From the data that follows, set down exactly the lines from the one with "Bestwin Skeleton Automatic" through the one with "Each tote bag", counting both. Pictures stay out.

Data excerpts.

========================================

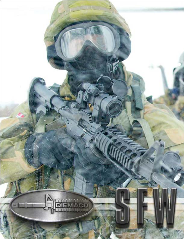 SFW是特种部队武器(Special Forces Weapon)的缩写,原称C8FTHB,即C8的平顶机匣及重型枪管型,其枪管长16英寸,介于C8和C7之间的武器。SFW的概念是源于特种部队的需求,特种部队认为C8的短枪管有较远的射程上精度有限,而C7的尺寸则过长,于是迪玛科公司就研制了这种尺寸紧凑、射击精度高的模块化武器系统。SFW的特点有:
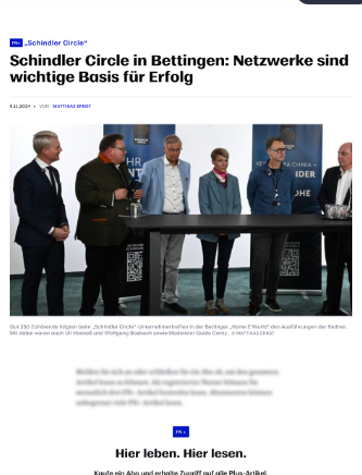 Über Veränderung reden können viele – doch nur wenige haben den Mut, sie wirklich zu leben. Im SCHINDLER Circle triffst du genau diese Unternehmer, die dich pushen, die mit dir gemeinsam durchstarten, die dir Türen öffnen und wo Visionen Realität und Worte zu Taten werden.
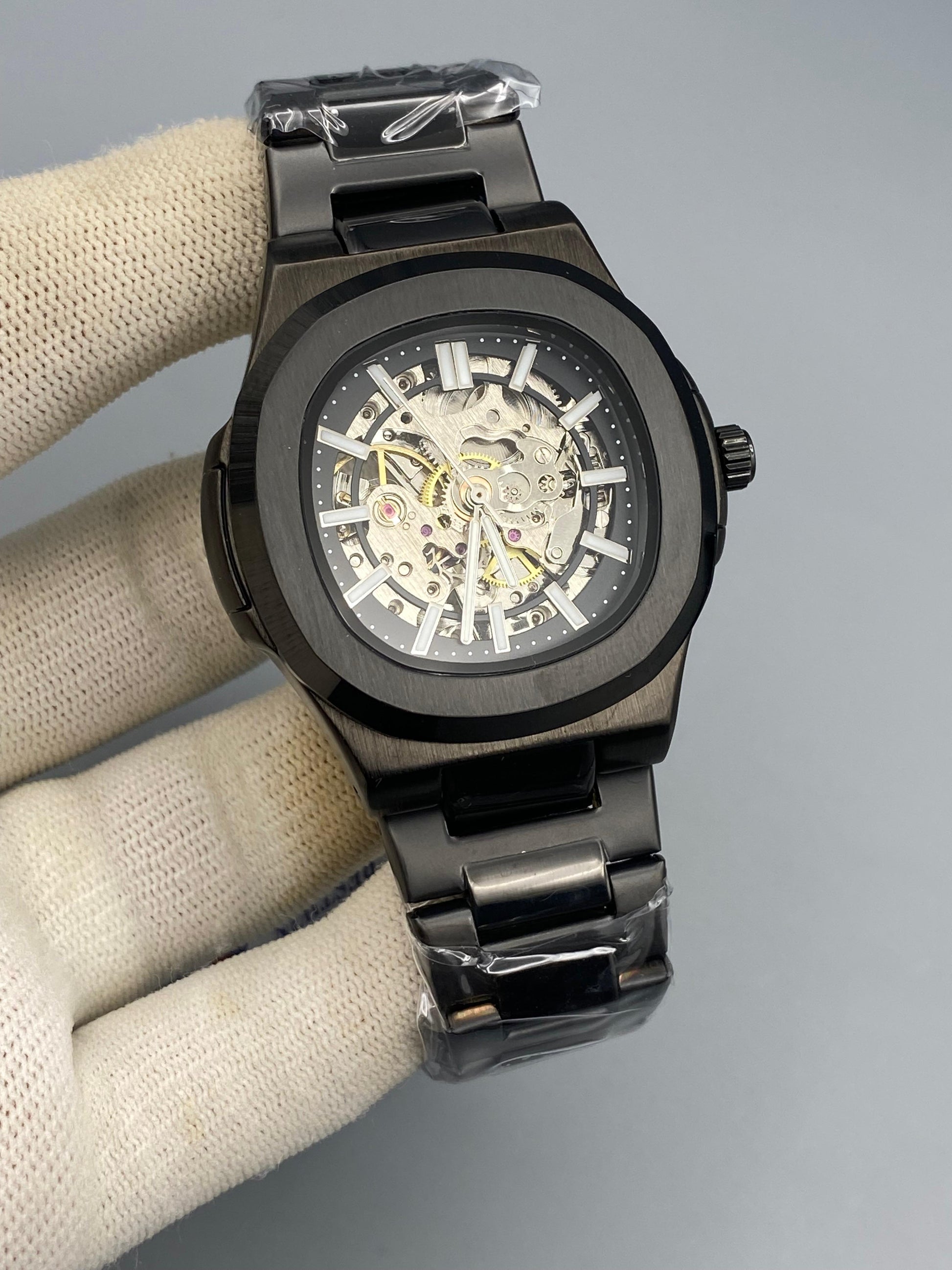 Bestwin Skeleton Automatic Watch – Premium Steel Chain{BLACK}
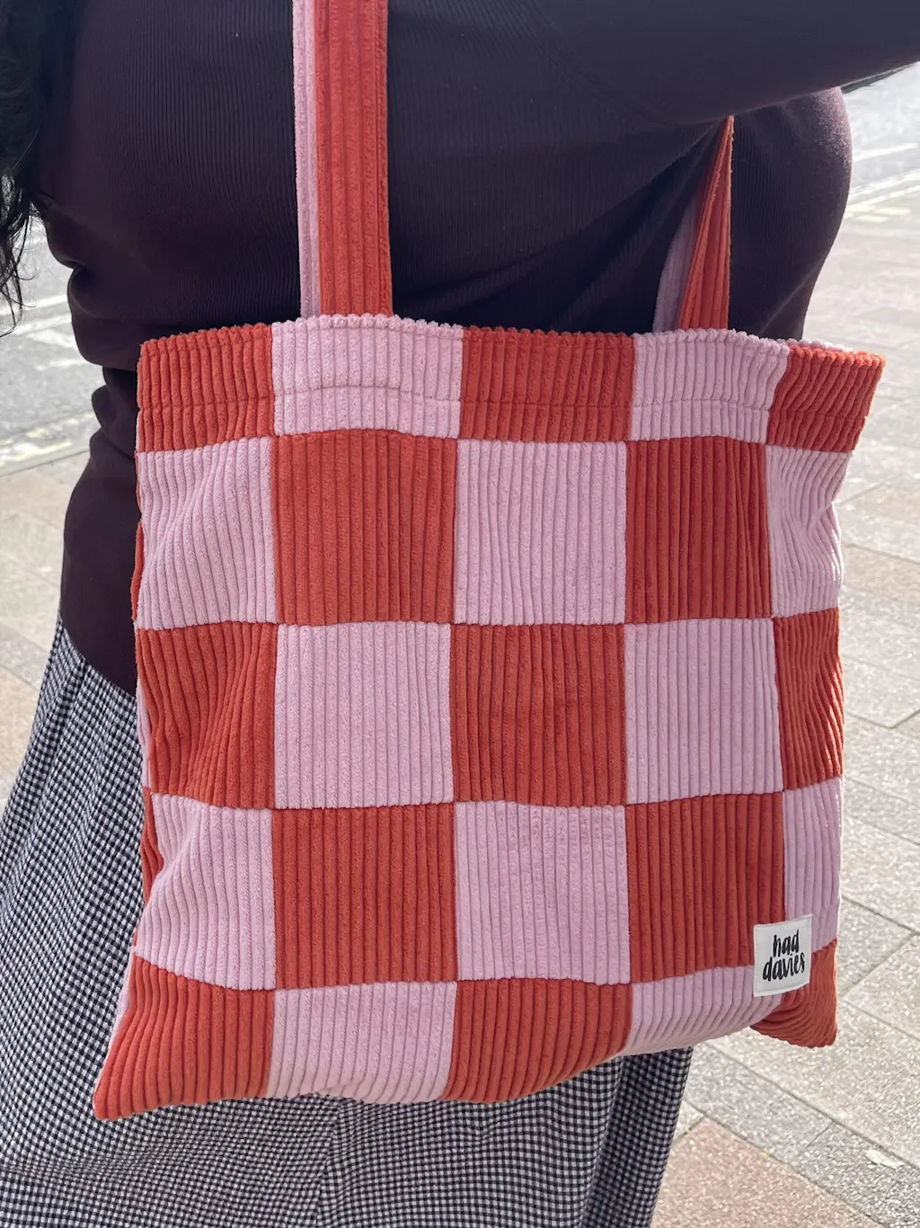 Each tote bag is handmade from 50 individual squares of beautifully soft cotton corduroy, patchworked together to create the unique checkerboard design.
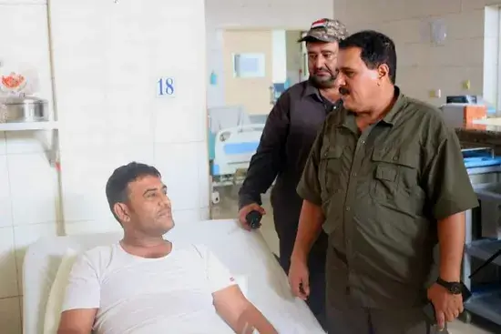تفقد العميد أبو بكر جبر نائب مدير أمن العاصمة عدن، اليوم الأحد، المواطن الجريح خضر أحمد الذي سقط يوم أمس جريحا إثر إطلاق نار من قبل خارجين عن النظام بساحة العروض.
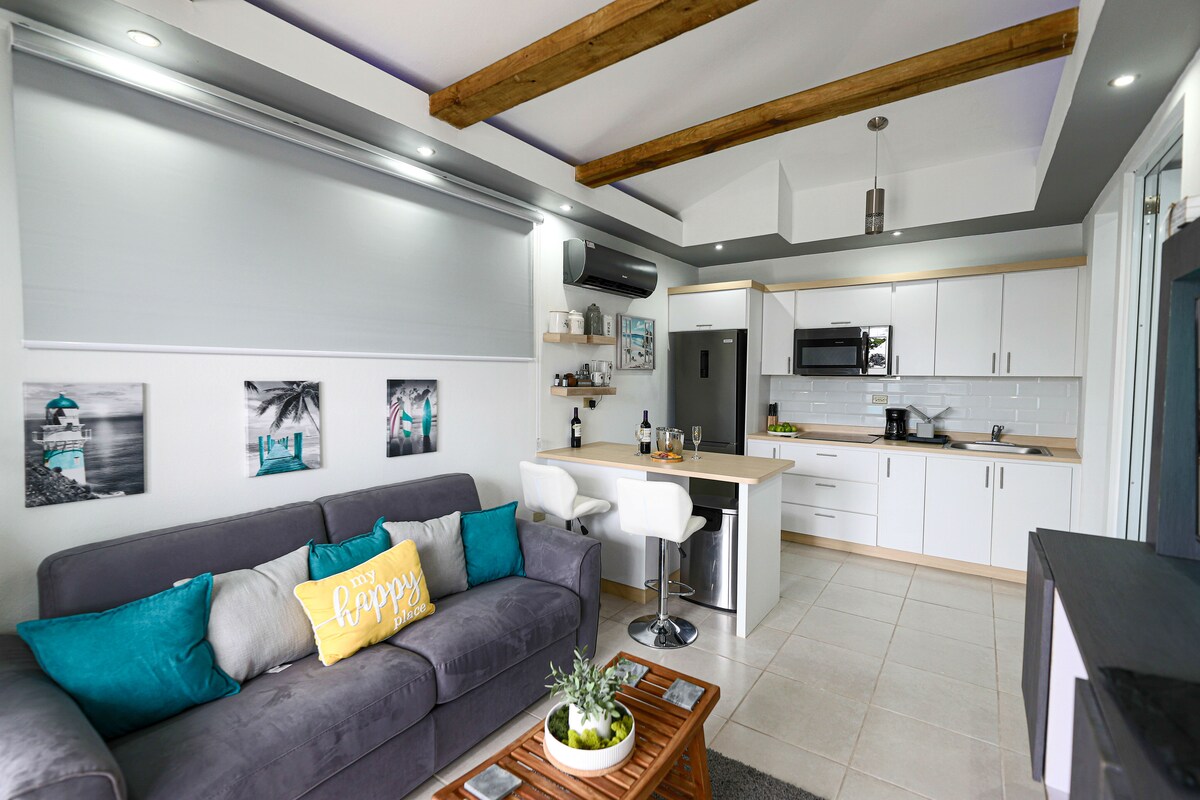 Blue Coral Villa, located a few steps away from the clear waters of Buyé Beach in Cabo Rojo, PR. Enjoy our relaxing accommodations in a thoughtfully decorated Coastal Boho design and tropical scenery of the west side coast of PR. A private place with control access and pool, perfect vacation stay for the whole family. It accommodates 6 people with two comfortable queen size beds, a sofa bed, air conditioning, Wi-fi, a 50in Smart TV with Netflix, Disney +, and Hulu.
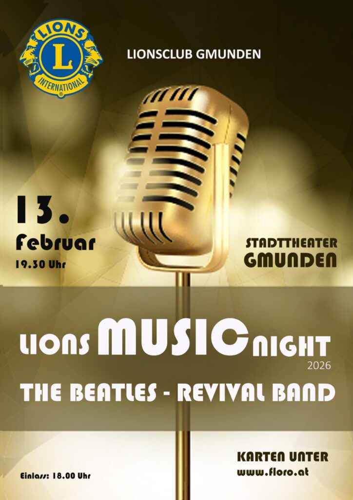 Am 13. Februar 2026 ab 19:30 Uhr lädt der Lionsclub Gmunden zur Lions Music Night ins Stadttheater. Auf der Bühne steht die renommierte Beatles Revival Band aus Frankfurt, die mit großer Leidenschaft und musikalischer Präzision den unverwechselbaren Sound der legendären Fab Four wiederaufleben lässt.
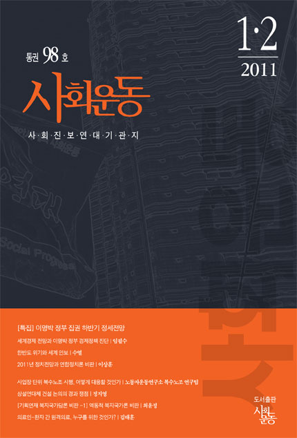 2011.1-2.98호 프린트 사회운동 2011년 1-2월호 통권 98호 표지 정책위원회 | 사회운동 2011년 1-2월호 통권 98호 표지 주제어 태그 Twitter Facebook Katalk Me2Day
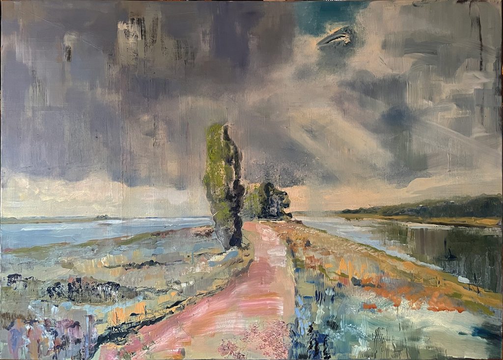 Nach Norden Öl auf Leinwand · 140 x 100 cm · 2020 Oberhalb Havelberg geht der Blick zwischen Elbe und Havel in Richtung Norden. 2.800 €
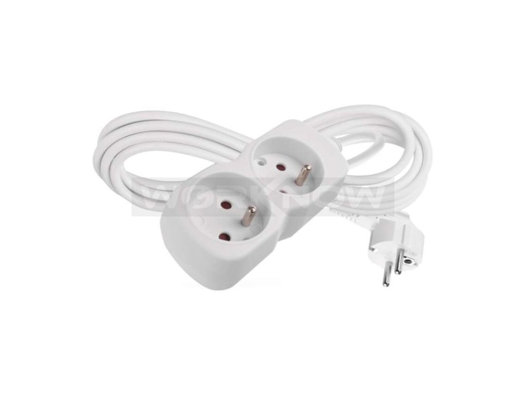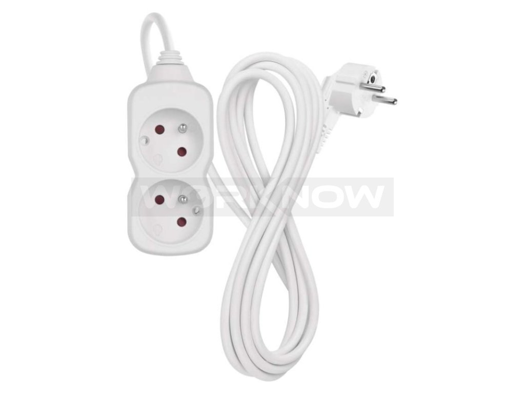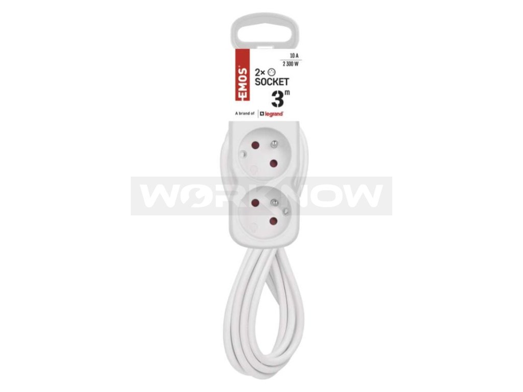 Bílý prodlužovací přívod, 2 zásuvky s dětskými clonkami a délkou 3 m. Průřezem vodiče 1 mm2. Vhodný pro maximální zátěž 10 A max.Při montáži na stěnu je nutné použít vrut se zápustnou hlavou PZ max. průměr 2,5–3 mm, délka 30–40 mm. V případě použití jiného průměru hrozí poškození plastové části otvoru. Pokud dojde k poškození plastové části otvoru, prodlužovací přívod nepoužívejte.
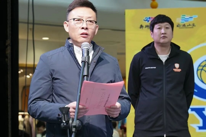 随后,市体育事业发展中心党组书记丁涛主任代表领导讲话:首先对赛事的举办表示祝贺,对滕州路扬篮球俱乐部及裁判员、工作人员的辛勤付出表示感谢!其次,深度肯定了滕州路扬篮球俱乐部作为枣庄头部青少年篮球培训机构,为本地篮球事业快速健康发展贡献突出。并表示赛事的举办对提升青少年身心素质、储备篮球人才、繁荣篮球运动及提振全民健身氛围意义重大。最后,寄语选手发扬“友谊第一、比赛第二”的精神,望裁判员公平执裁、工作人员精细保障,助力赛事圆满完赛,为“中华善城、现代滕州”建设再添新力。
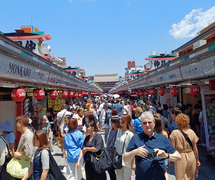 Do głównej sali prowadzi alejka handlowa Nakamise. Można tam kupić mydło i powidło i to miejsce dawno odeszło już od pierwotnej formy sklepików z lokalnych przysmaków – poczułem się trochę jak na naszej Jasnej Górze. Z miejsc które zwiedziłem w Japonii, Senso-ji to jedyne miejsce gdzie jest taka komercyjna alejka, nie kojarzę żadnej innej świątyni i chramu które mają sklepiki, nawet w Kiyomizu-dera w Kioto sklepy kończą się przed pierwszą bramą i nie są częścią kompleksu.
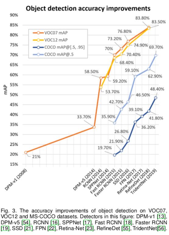 在目前最知名的评估数据集VOC 2007 、VOC 2012、 COCO上不同年份出现的算法精度提高,如下图:

========================================

Written response.
 Bestwin Skeleton Automatic Watch – Premium Steel Chain{BLACK}
 Each tote bag is handmade from 50 individual squares of beautifully soft cotton corduroy, patchworked together to create the unique checkerboard design.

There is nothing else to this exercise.